### EXCERPTED DATA
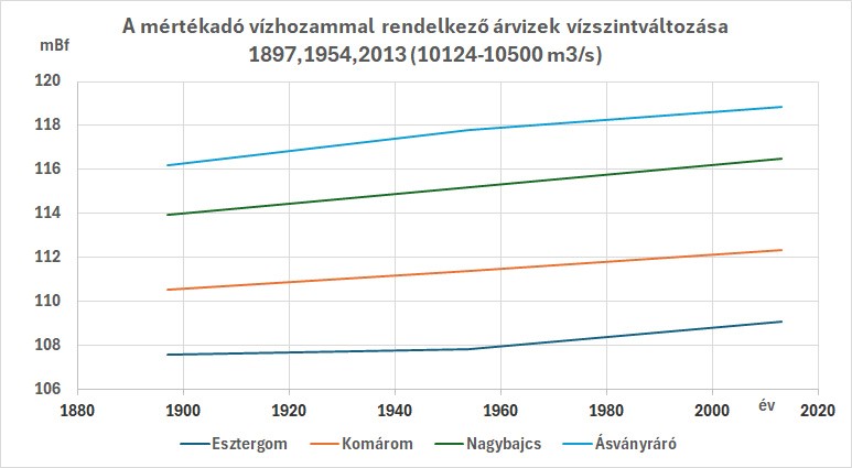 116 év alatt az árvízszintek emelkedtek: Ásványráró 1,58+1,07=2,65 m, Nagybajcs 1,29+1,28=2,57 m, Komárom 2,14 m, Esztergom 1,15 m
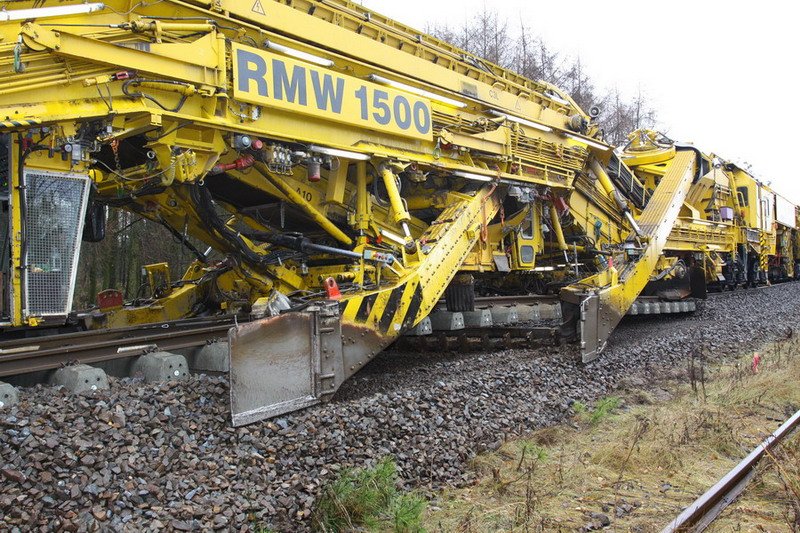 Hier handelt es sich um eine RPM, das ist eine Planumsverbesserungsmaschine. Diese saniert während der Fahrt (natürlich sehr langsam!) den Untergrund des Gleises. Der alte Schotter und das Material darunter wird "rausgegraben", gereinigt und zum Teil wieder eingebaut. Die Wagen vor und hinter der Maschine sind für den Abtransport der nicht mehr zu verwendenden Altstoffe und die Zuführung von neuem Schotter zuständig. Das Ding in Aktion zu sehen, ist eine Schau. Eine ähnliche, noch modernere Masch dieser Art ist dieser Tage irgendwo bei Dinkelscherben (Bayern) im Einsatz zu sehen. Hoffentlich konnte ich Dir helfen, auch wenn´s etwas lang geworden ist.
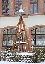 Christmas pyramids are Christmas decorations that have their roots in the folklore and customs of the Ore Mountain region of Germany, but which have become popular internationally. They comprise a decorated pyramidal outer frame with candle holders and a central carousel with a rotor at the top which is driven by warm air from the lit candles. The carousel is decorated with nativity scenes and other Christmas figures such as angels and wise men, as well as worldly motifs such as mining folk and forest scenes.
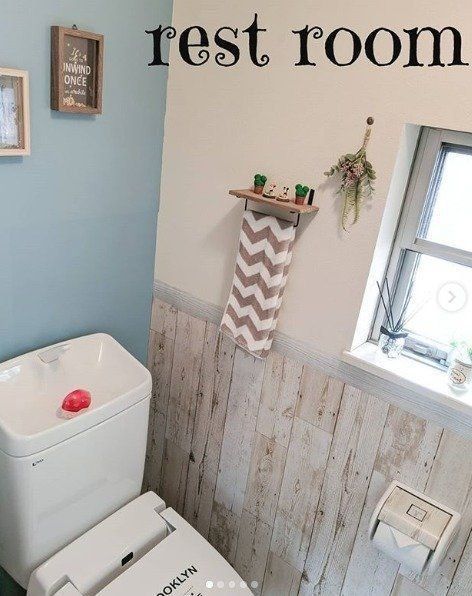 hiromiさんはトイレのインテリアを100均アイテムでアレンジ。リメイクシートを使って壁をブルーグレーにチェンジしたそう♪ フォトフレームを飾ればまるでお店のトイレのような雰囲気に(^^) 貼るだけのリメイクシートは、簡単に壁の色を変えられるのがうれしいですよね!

* * *

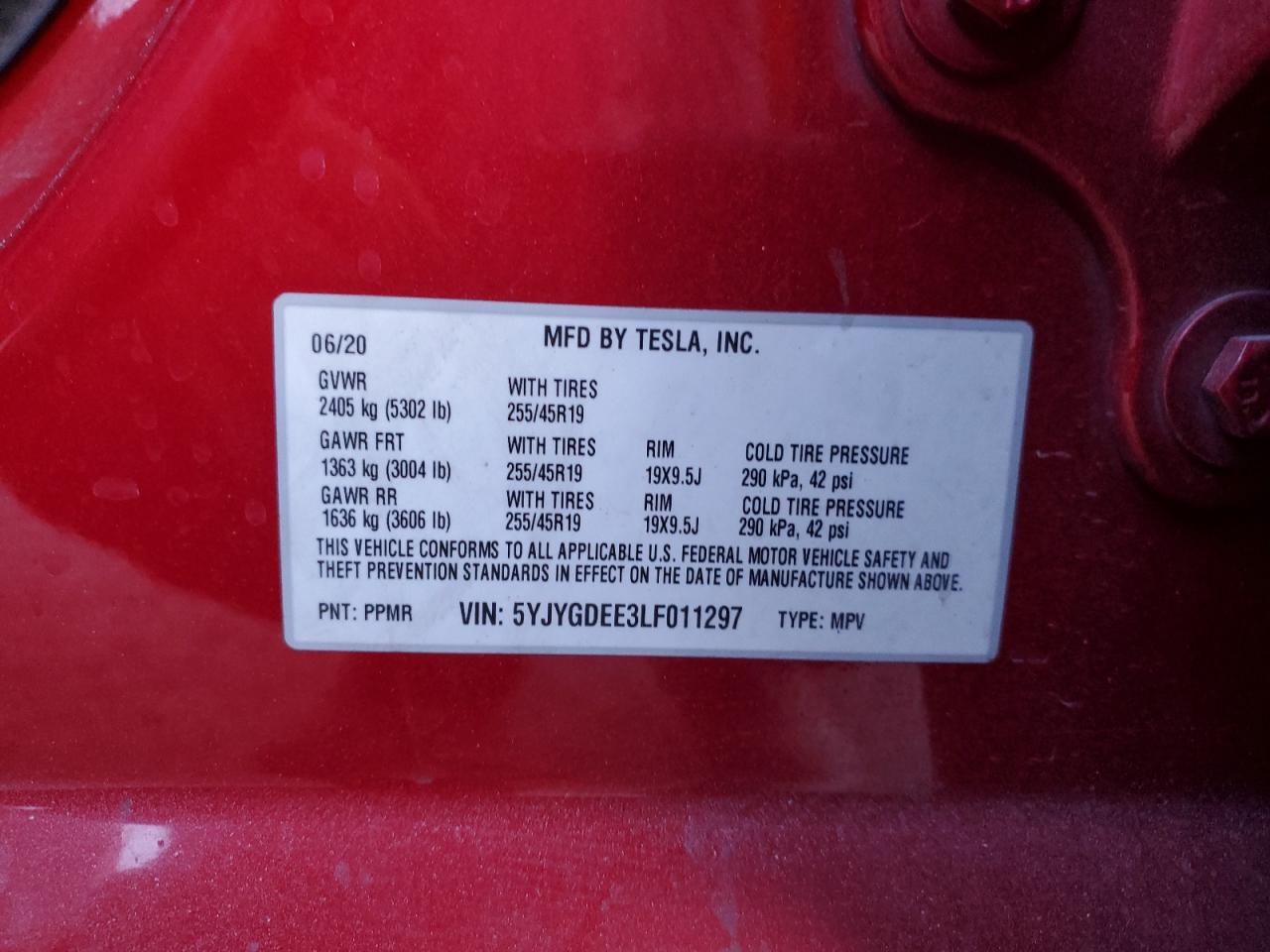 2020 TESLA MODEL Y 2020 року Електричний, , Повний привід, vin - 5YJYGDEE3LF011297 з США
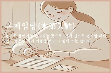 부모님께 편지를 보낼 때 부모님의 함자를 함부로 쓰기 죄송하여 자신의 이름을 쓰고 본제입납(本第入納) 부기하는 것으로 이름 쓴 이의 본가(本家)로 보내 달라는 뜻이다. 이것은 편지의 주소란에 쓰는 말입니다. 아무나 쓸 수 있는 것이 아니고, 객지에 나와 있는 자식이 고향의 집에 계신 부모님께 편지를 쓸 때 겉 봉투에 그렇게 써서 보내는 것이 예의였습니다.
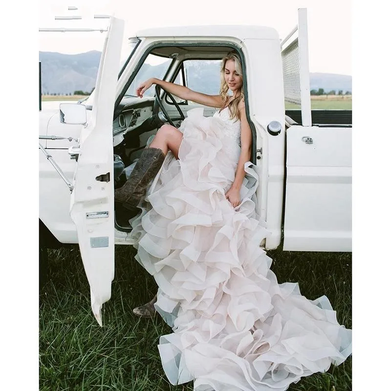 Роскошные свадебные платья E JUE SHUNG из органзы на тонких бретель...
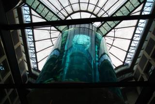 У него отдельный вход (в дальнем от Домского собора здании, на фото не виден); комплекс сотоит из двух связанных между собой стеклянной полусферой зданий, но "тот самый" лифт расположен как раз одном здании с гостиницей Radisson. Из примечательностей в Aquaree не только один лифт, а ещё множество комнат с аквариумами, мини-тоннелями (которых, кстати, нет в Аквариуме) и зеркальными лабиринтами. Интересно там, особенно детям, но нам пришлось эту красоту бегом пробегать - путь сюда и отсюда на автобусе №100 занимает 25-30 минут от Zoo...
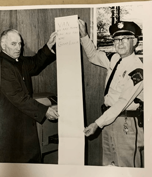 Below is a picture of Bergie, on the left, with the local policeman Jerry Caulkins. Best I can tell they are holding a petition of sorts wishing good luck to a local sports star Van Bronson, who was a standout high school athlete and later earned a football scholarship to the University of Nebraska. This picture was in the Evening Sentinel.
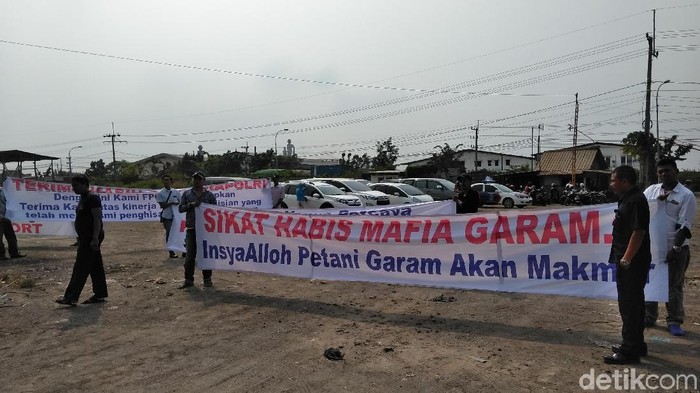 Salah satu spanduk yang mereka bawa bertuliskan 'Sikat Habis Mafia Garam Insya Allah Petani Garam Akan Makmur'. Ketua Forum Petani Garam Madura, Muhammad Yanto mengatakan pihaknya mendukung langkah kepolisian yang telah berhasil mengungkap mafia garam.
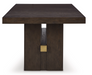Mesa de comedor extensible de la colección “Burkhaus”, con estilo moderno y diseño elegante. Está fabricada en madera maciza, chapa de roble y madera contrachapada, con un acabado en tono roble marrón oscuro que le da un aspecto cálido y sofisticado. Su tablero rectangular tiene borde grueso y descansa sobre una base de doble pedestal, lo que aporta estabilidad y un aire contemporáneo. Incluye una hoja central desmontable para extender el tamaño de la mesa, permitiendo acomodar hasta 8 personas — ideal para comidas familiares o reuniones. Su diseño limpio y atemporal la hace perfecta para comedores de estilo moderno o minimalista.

### EXERCISE DETAILS
In the listing above, find the line containing "부모님께 편지를 보낼" and the line containing "Роскошные свадебные платья"; print those lines and every line between them exactly, leaving out pictures.

### WRITTEN SOLUTION
 부모님께 편지를 보낼 때 부모님의 함자를 함부로 쓰기 죄송하여 자신의 이름을 쓰고 본제입납(本第入納) 부기하는 것으로 이름 쓴 이의 본가(本家)로 보내 달라는 뜻이다. 이것은 편지의 주소란에 쓰는 말입니다. 아무나 쓸 수 있는 것이 아니고, 객지에 나와 있는 자식이 고향의 집에 계신 부모님께 편지를 쓸 때 겉 봉투에 그렇게 써서 보내는 것이 예의였습니다.
 Роскошные свадебные платья E JUE SHUNG из органзы на тонких бретель...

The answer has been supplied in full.